I like the sound of the Plantronics, but the Beats do play louder and have a little more bass kick to them. Of course, when you're running around outside with lots of ambient noise around you, it's not the ideal listening venue, and I'm just looking for headphones that are comfortable and sound decent.
For fans of Jaybirds X headphones, I like those as well, but they're all about getting a tight seal and jamming the tips into your ears (it can be hard to maintain a tight seal). I don't find the Jaybirds as comfortable as either the Plantronics or the Beats.
In-ear wireless sports headphones are hard to do right, and Beats has gotten it mostly right with the Powerbeats2 Wireless. It combine strong sound (except in noisy environments) with a design that should comfortably fit most people. That makes it a pretty safe pick in a category (wireless earphones in particular) that doesn't have a lot safe picks.

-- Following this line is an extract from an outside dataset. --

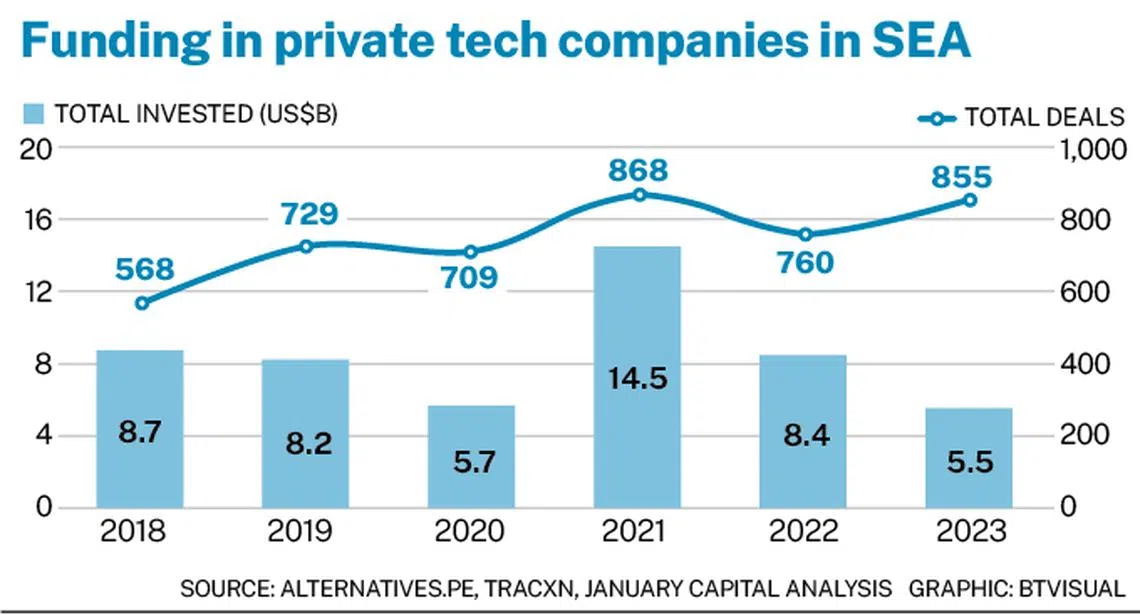 Asean tech funding down 35% in 2023 as late-stage deals dwindle

The only problem, of course, is that they're expensive. At $200, you'd like to see an automatic shutoff feature and perhaps full waterproofing rather than just sweatproofing. On the plus side, the headphone is firmware upgradeable, which should help keep them up to date as new smartphones and Bluetooth chips arrive (the headphones seem pretty durable, but I only tested them for a couple of weeks, so I can't tell you whether they'll hold up for years or not).
In the end, I don't have any problem recommending the Beats Powerbeats2 Wireless, particularly if you're looking for a workout headphone. You just have to be comfortable paying a little extra for the Beats brand -- or as I like to call it, the LeBron Tax.
It's a very good Bluetooth headphone; it should just cost about $50 less.